======== RECORDS FOR THE EXERCISE ========

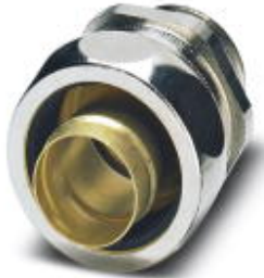
Cable gland made from brass with metric thread, IP65 protection

Please be informed that the data shown in this PDF Document is generated from our Online Catalog. Please find the complete data in the user's documentation. Our General Terms of Use for Downloads are valid ( http://phoenixcontact.com/download )
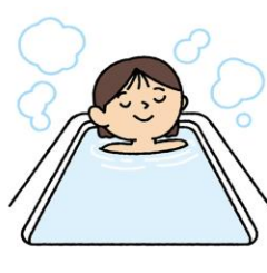
お風呂でしっかり湯船につかり
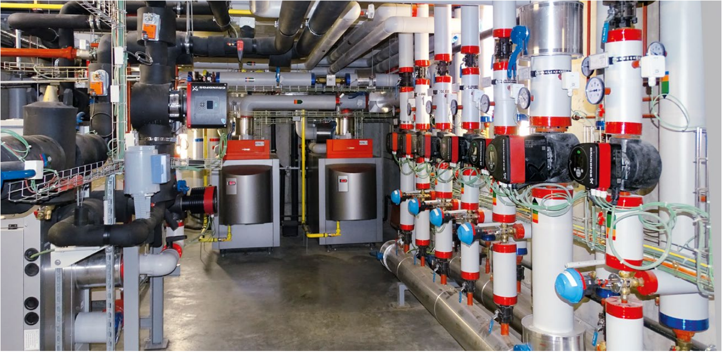
Die HKL-Regelung des Universitätsgebäudes umfasst mehr als 4.000 I/O-Punkte.
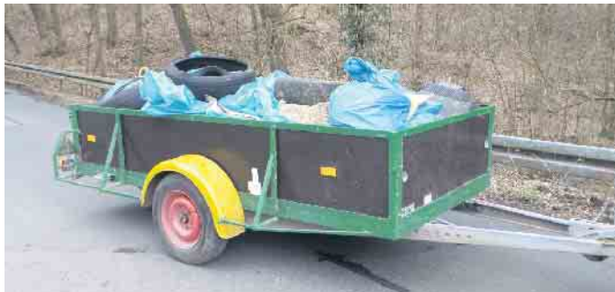
Ein ganzer Anhänger voller Müll
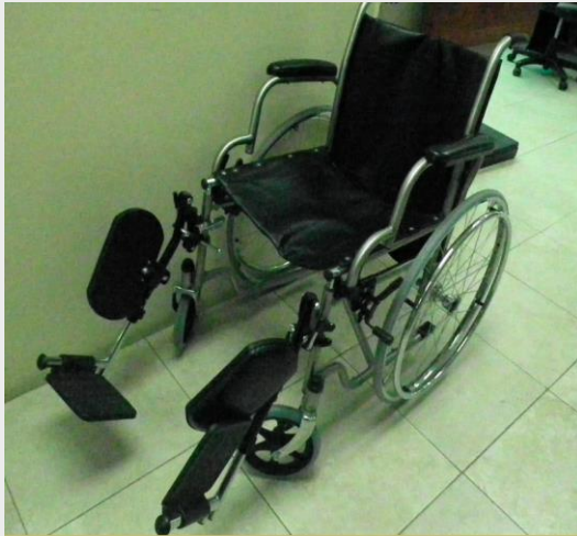
SILLA DE RUEDAS
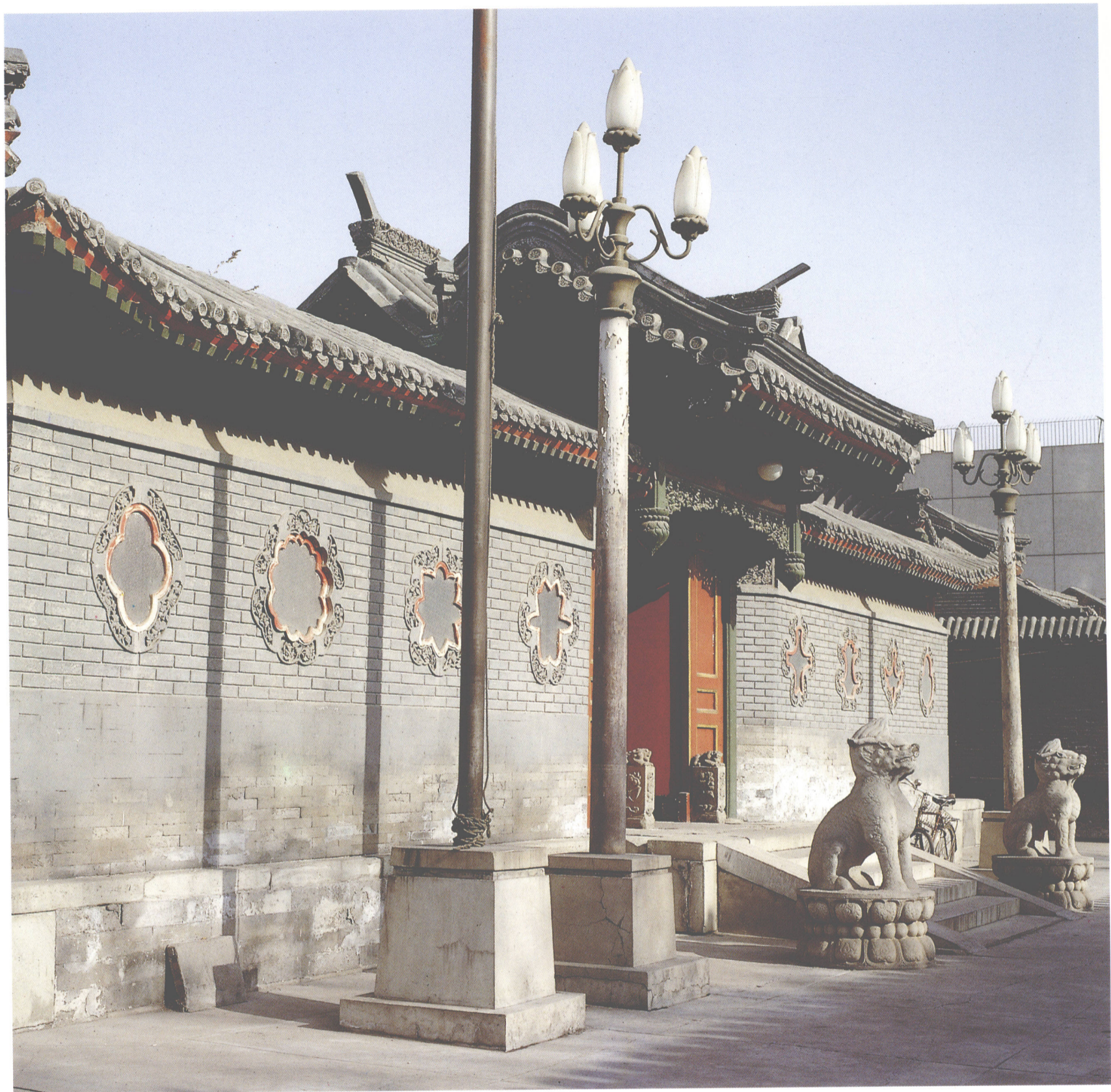
2 北京東城區禮士胡同某宅中門／北京

========

Print the lines from the line with "Ein ganzer Anhänger voller Müll" to the end of the data above. Include both ends, exclude the pictures, and add nothing else.

Ein ganzer Anhänger voller Müll
SILLA DE RUEDAS
2 北京東城區禮士胡同某宅中門／北京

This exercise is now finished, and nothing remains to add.